TO DO: Where the data below begins, start duplicating lines exactly, and finish with the line containing "Tình xin cung"; add nothing else. Leave the pictures out.

DATA PROVIDED:
Start of Block
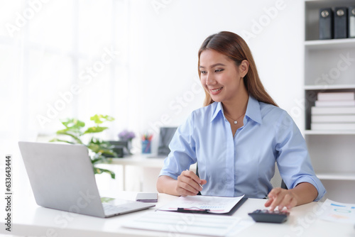 Smiling young happy Asian businesswoman working with laptop and documents in office. Accountant or beautiful asian female worker working happily in the office.
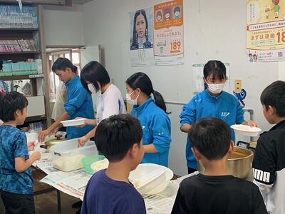 ボランティア活動の内容は、会場設営やカレーの配膳、そして子ども達と遊ぶことでした。カレーを食べたあと紙芝居もあり、子供たちとの交流時間もとれてよかったです。また機会があったら参加したいと思いました。(津曲 陽華)
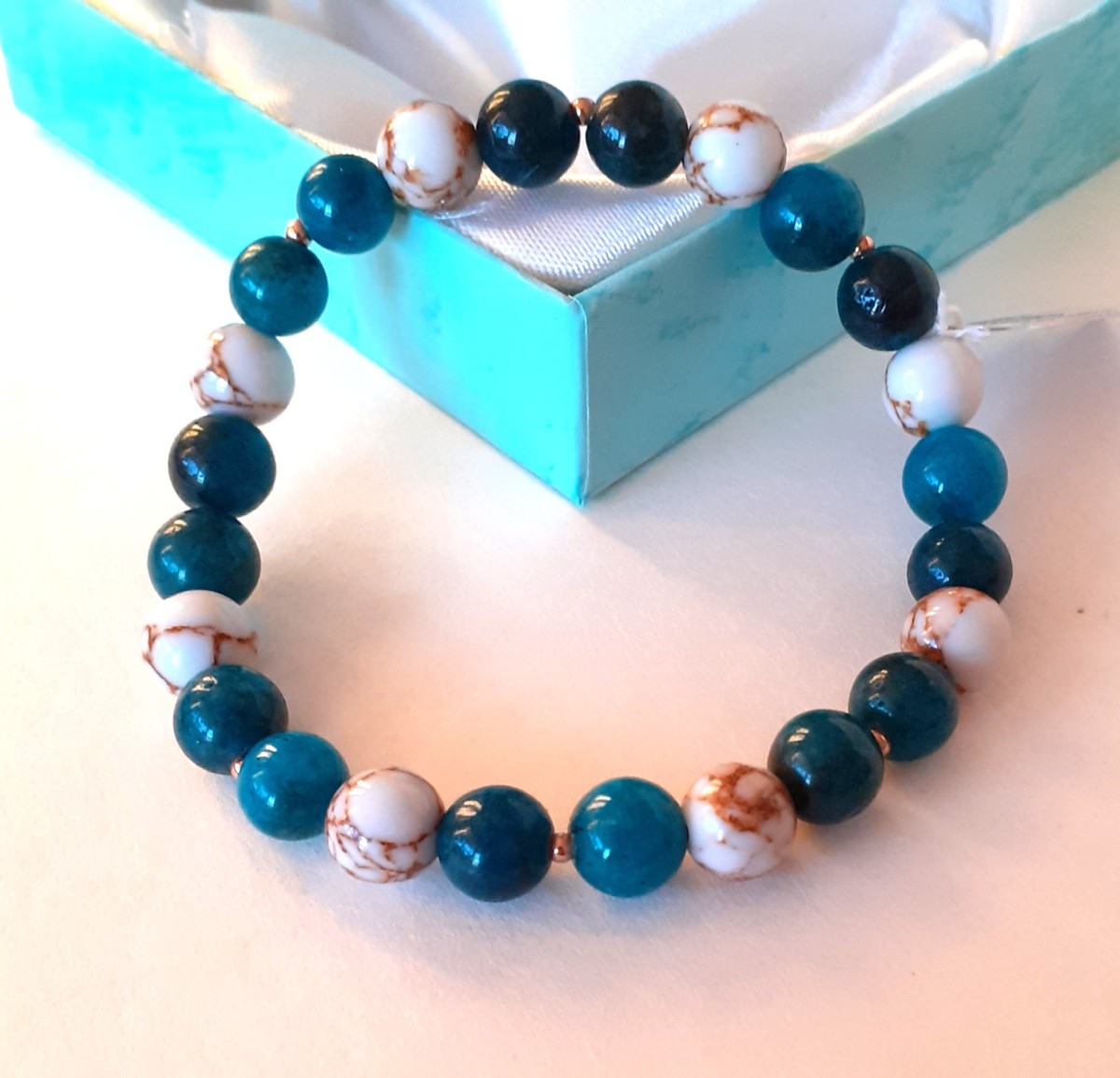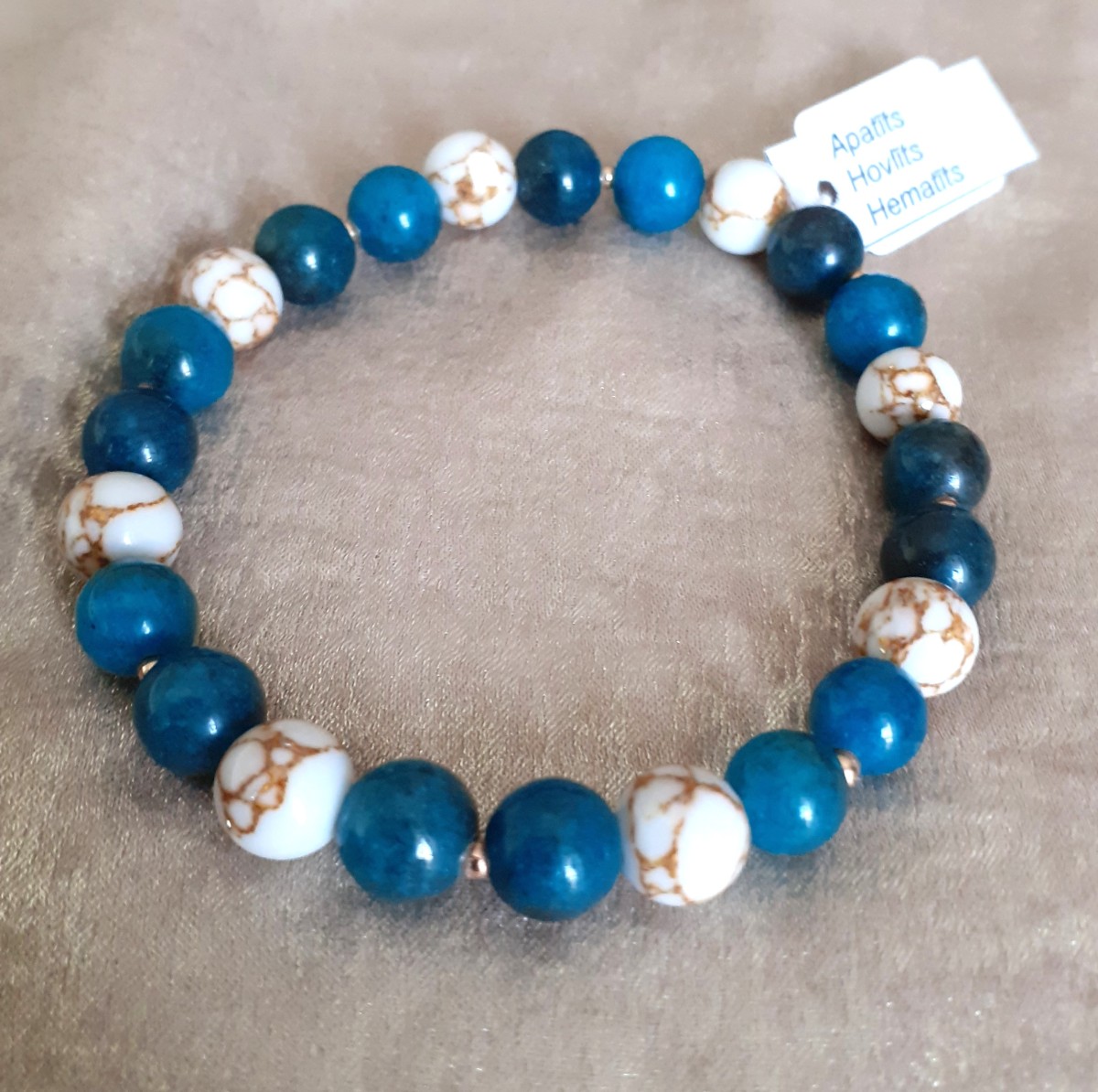 Aproce izgatavota no 8mm apatīta, hovlīta un 2mm zelta krāsas hematīta pērlītēm, kas vērtas uz elastīgas gumijas.
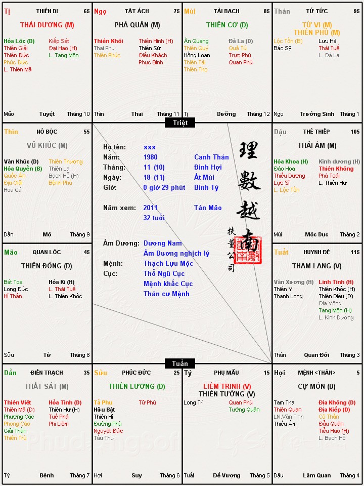 Tình xin cung cấp 1 lá số lùi sĩ đặng các chị em dễ dàng hình dung. Anh chị nào link giúp Tình lá số giờ tý đầu tiên (0h) ngày 19/11/1981
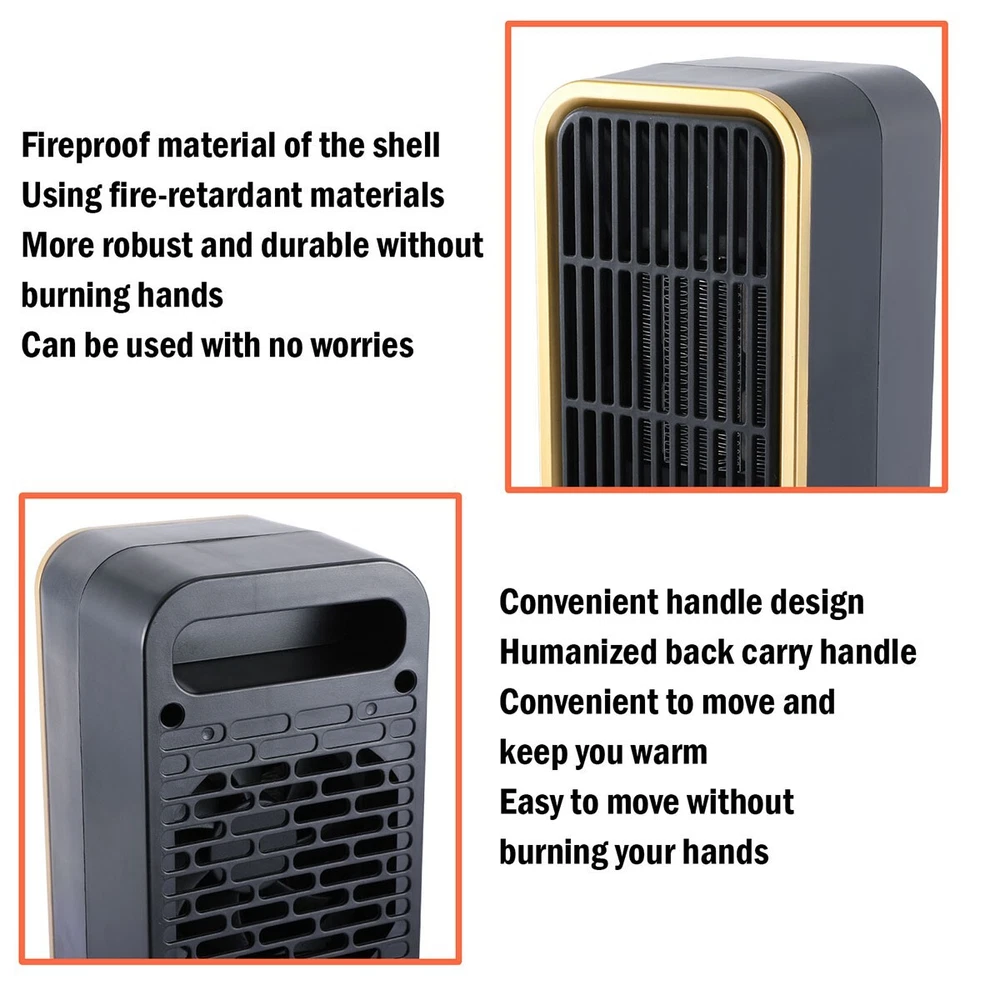 ★SPECIAL TIPS: √ Ship within 24 hours Via USPS from NJ,USA √ 100% New & Excellent Quality √ Professional Customer Service . √ Strictly QC, Each set was fully tested before shipping √ Offer delivery with Tracking Number Product Feature 1.Fast Heating: The Hot Air Fan is heated by PTC ceramic, which can heat up quickly in a short time and provide you with warm airflow. 2.Lightless Heating: The Space Heater uses lightless technology, which produces heat while emitting almost no light, avoiding light irritation and damage to the eyes. 3.Auto Power Off: When the temperature of the Portable Electric Heater exceeds a certain threshold, it will automatically cut off the power supply to prevent safety hazards such as circuit damage or fire. 4.Wide-Angle Heat Delivery: The Electric Heater adopts a wide-angle heat delivery design, which can significantly expand the heating range and ensure that all corners of the room can feel the warm airflow. 5.Low Noise: The Small Heater adopts advanced noise reduction technology and makes almost no noise when running, providing you with a warm and quiet sleeping environment. Product Parameter Heating Method: PTC Ceramic Heating Material: Flame Retardant ABS Voltage: 110V Power: 500w Color: Black Size: 10.3x11x26.2cm/4.06x4.33x10.31in Products Include 1x Hot Air Fan 1x Instruction Manual
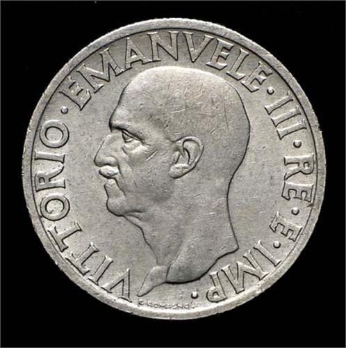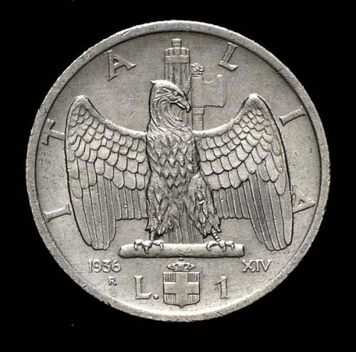 Vittorio Emanuele III (1900-1946) - 1 Lira Impero 1936 Zecca: Roma - Diritto: effigie del Re a sinistra - Rovescio: aquila di fronte ritta ad ali aperte con fascio littorio e scure retrostante -
End of Block
FINISHED EXERCISE:
 Smiling young happy Asian businesswoman working with laptop and documents in office. Accountant or beautiful asian female worker working happily in the office.
 ボランティア活動の内容は、会場設営やカレーの配膳、そして子ども達と遊ぶことでした。カレーを食べたあと紙芝居もあり、子供たちとの交流時間もとれてよかったです。また機会があったら参加したいと思いました。(津曲 陽華)
 Aproce izgatavota no 8mm apatīta, hovlīta un 2mm zelta krāsas hematīta pērlītēm, kas vērtas uz elastīgas gumijas.
 Tình xin cung cấp 1 lá số lùi sĩ đặng các chị em dễ dàng hình dung. Anh chị nào link giúp Tình lá số giờ tý đầu tiên (0h) ngày 19/11/1981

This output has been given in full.